Records from a dataset:
——

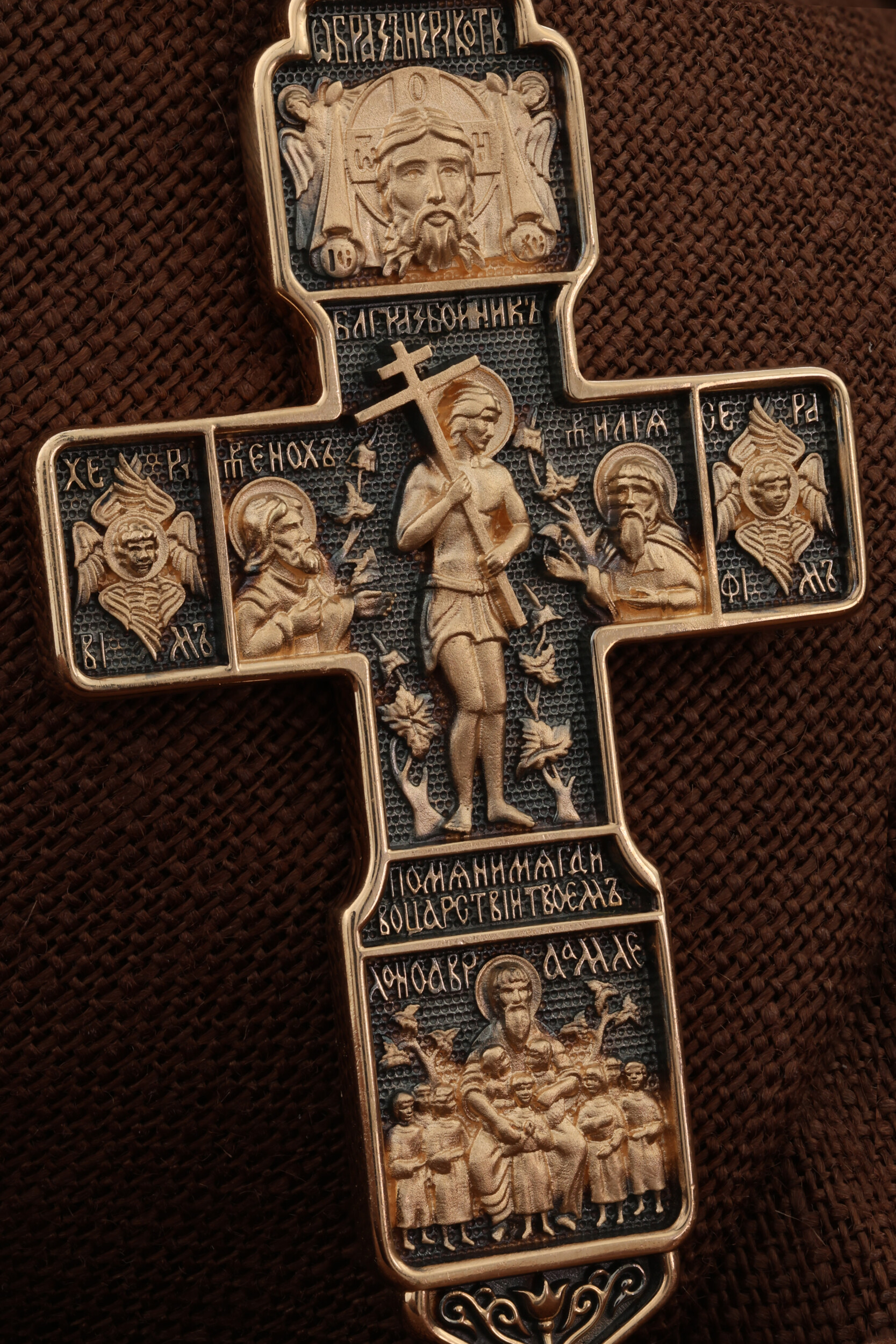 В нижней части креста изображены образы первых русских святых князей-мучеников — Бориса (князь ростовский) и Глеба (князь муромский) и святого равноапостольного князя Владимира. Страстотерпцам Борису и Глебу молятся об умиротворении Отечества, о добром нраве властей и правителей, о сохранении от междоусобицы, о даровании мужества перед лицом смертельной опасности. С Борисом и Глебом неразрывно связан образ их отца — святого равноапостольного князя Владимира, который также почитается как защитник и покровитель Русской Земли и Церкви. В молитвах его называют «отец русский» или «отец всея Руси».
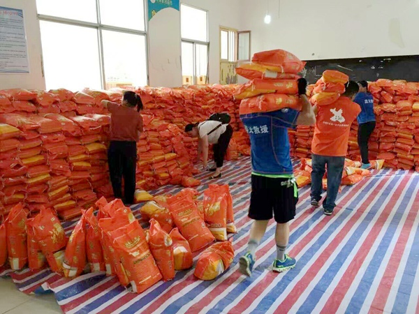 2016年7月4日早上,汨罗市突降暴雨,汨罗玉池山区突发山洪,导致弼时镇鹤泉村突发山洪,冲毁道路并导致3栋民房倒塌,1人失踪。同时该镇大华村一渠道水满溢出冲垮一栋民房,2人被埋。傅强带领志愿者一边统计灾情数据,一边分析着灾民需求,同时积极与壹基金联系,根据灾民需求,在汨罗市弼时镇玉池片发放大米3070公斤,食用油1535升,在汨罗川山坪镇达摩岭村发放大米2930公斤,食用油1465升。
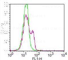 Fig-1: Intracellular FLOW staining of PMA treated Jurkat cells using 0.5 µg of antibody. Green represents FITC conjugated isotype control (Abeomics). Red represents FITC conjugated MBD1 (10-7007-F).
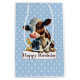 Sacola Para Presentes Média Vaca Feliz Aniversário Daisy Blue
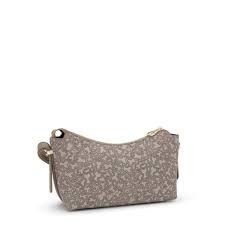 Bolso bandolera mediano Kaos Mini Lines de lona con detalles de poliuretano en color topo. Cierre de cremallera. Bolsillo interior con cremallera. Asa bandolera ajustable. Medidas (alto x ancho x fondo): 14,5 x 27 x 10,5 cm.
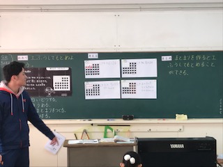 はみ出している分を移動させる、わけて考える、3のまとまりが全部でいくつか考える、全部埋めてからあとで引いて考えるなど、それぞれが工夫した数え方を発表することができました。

——

▸ INSTRUCTIONS TO FOLLOW
Leave the pictures out and restate exactly the lines from the one that has "Fig-1: Intracellular FLOW" through the final line of the entries above, both ends included.

▸ SOLUTION TO THIS PROBLEM
 Fig-1: Intracellular FLOW staining of PMA treated Jurkat cells using 0.5 µg of antibody. Green represents FITC conjugated isotype control (Abeomics). Red represents FITC conjugated MBD1 (10-7007-F).
 Sacola Para Presentes Média Vaca Feliz Aniversário Daisy Blue
 Bolso bandolera mediano Kaos Mini Lines de lona con detalles de poliuretano en color topo. Cierre de cremallera. Bolsillo interior con cremallera. Asa bandolera ajustable. Medidas (alto x ancho x fondo): 14,5 x 27 x 10,5 cm.
 はみ出している分を移動させる、わけて考える、3のまとまりが全部でいくつか考える、全部埋めてからあとで引いて考えるなど、それぞれが工夫した数え方を発表することができました。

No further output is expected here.